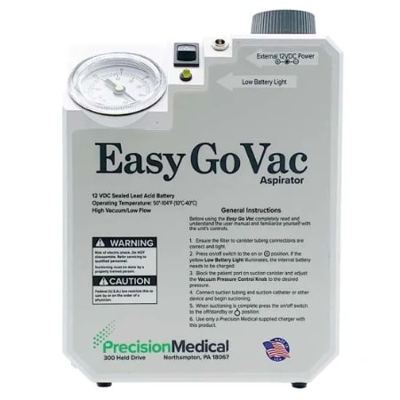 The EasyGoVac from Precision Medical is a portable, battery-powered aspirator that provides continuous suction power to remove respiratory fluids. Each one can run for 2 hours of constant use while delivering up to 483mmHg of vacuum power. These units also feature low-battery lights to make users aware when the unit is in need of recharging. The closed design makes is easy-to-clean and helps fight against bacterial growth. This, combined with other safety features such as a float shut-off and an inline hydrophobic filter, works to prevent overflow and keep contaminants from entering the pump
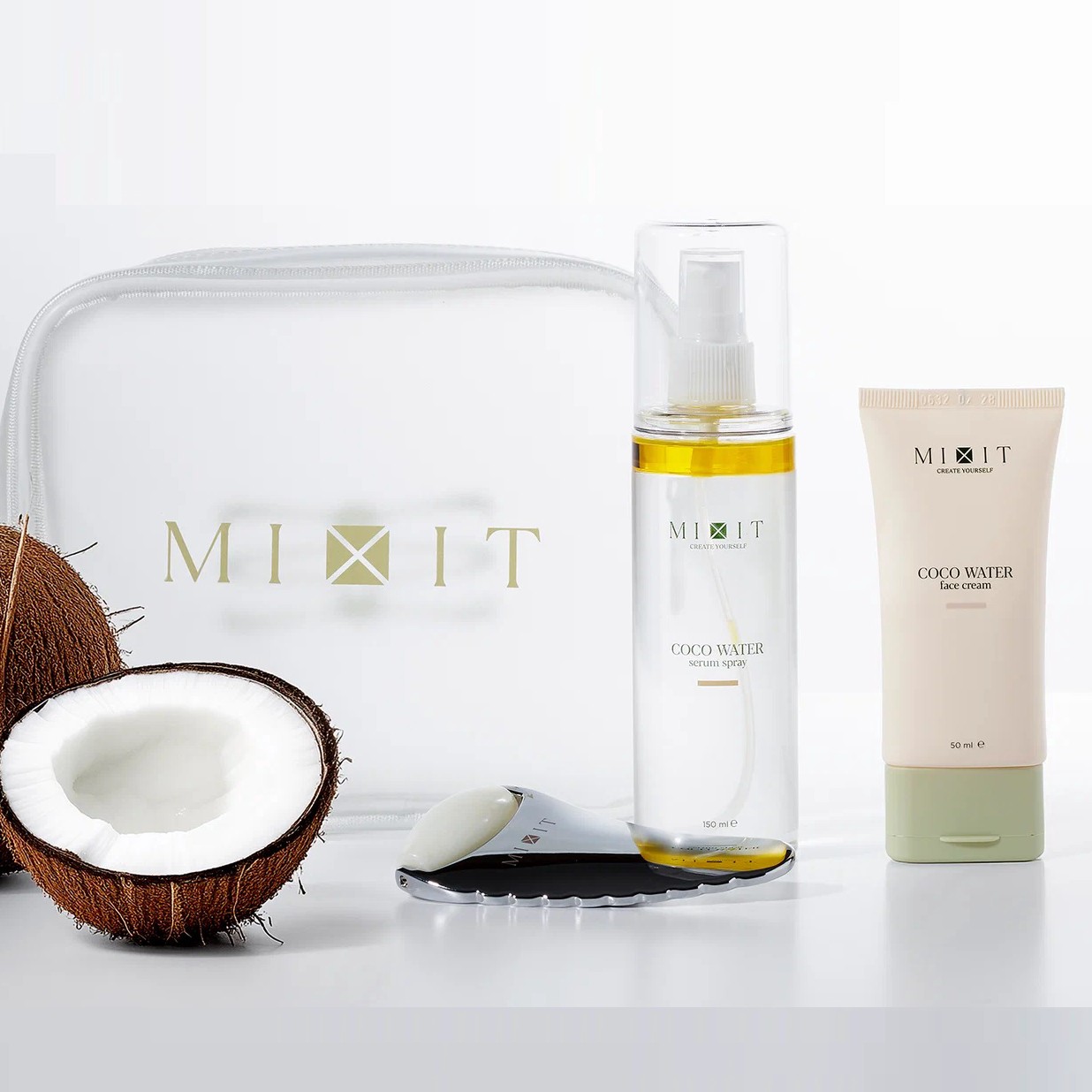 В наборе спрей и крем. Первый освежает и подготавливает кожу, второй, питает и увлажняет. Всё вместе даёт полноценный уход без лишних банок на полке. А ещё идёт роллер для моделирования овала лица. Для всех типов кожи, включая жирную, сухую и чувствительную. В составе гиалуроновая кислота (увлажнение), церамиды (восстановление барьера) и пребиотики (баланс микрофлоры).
----------------------------------------
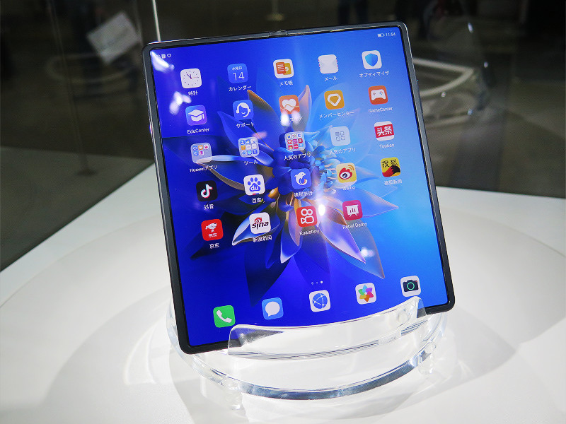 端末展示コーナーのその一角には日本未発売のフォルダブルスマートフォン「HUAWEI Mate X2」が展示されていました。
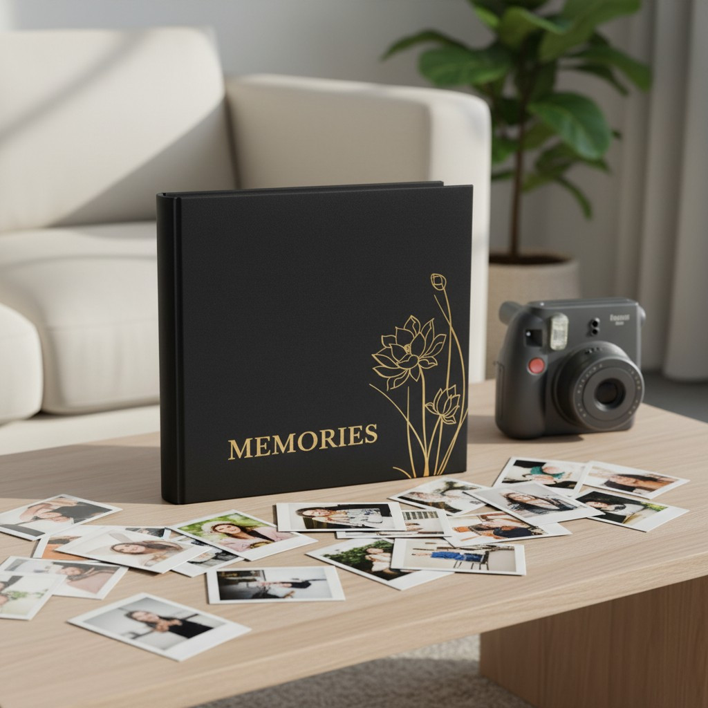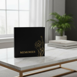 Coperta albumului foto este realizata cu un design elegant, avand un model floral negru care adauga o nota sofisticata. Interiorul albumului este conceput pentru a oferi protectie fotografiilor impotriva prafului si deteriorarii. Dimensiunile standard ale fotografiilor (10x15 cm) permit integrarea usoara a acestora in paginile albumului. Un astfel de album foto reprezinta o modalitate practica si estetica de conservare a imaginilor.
----------------------------------------
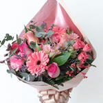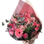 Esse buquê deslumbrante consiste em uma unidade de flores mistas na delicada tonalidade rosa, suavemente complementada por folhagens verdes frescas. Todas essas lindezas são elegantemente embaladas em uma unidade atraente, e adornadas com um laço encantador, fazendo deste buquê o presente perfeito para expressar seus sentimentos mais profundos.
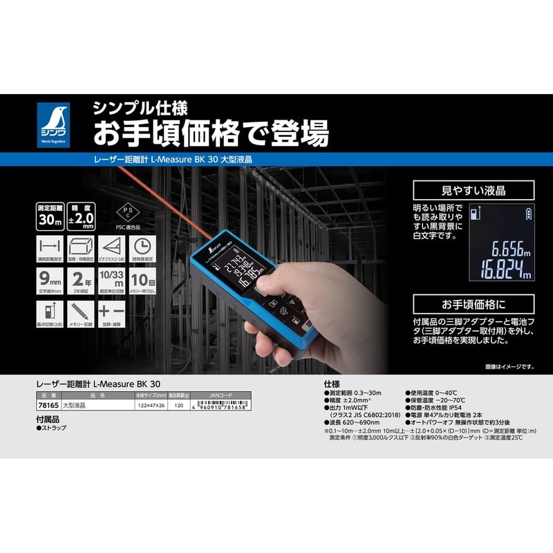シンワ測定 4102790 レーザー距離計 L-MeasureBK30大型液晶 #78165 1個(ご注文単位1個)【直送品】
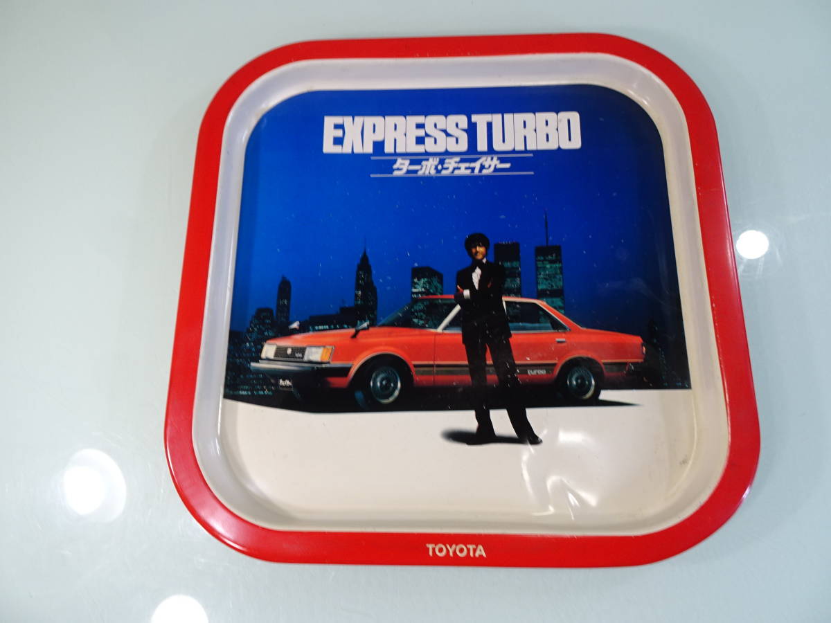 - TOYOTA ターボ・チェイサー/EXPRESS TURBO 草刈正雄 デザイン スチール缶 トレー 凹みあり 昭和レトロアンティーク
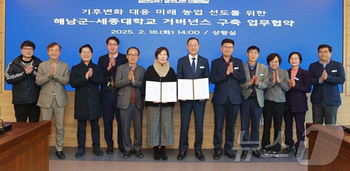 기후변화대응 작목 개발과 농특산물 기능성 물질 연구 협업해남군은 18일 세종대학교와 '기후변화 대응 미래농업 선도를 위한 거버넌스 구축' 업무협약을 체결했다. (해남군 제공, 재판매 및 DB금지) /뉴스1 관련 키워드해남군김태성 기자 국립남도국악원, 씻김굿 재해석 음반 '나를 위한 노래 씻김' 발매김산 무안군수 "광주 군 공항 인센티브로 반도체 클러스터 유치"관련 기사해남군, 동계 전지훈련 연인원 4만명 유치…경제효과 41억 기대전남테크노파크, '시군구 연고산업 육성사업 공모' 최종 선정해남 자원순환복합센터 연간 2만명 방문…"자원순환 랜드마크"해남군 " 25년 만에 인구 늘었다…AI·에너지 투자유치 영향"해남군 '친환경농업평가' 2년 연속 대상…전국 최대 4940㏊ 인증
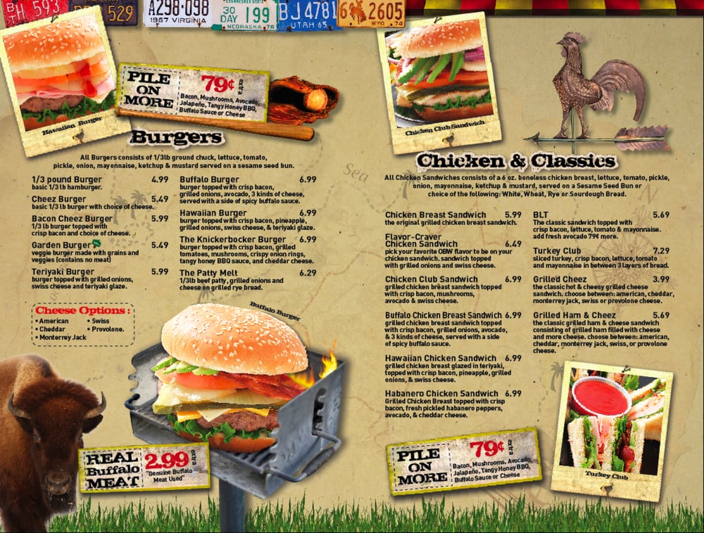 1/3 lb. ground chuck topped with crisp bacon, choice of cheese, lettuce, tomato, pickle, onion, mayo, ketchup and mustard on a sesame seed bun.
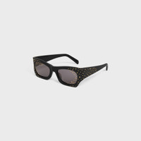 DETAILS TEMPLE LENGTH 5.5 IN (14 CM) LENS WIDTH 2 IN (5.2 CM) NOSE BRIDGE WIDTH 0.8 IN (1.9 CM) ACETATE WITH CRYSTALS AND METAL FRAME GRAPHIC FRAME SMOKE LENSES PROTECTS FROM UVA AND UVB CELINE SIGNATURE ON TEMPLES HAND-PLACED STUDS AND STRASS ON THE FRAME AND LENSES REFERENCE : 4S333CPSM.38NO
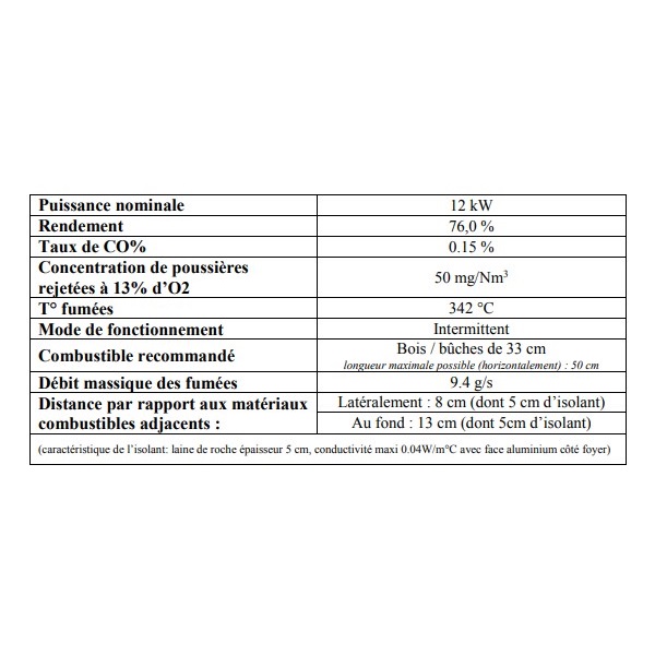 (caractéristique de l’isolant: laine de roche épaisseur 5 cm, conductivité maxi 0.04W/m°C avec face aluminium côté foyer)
----------------------------------------
• Assigned task
Give the lines above again exactly, from the one containing "The EasyGoVac from" to the one containing "В наборе спрей", both included, but leave out the pictures.

• Problem solution
 The EasyGoVac from Precision Medical is a portable, battery-powered aspirator that provides continuous suction power to remove respiratory fluids. Each one can run for 2 hours of constant use while delivering up to 483mmHg of vacuum power. These units also feature low-battery lights to make users aware when the unit is in need of recharging. The closed design makes is easy-to-clean and helps fight against bacterial growth. This, combined with other safety features such as a float shut-off and an inline hydrophobic filter, works to prevent overflow and keep contaminants from entering the pump
 В наборе спрей и крем. Первый освежает и подготавливает кожу, второй, питает и увлажняет. Всё вместе даёт полноценный уход без лишних банок на полке. А ещё идёт роллер для моделирования овала лица. Для всех типов кожи, включая жирную, сухую и чувствительную. В составе гиалуроновая кислота (увлажнение), церамиды (восстановление барьера) и пребиотики (баланс микрофлоры).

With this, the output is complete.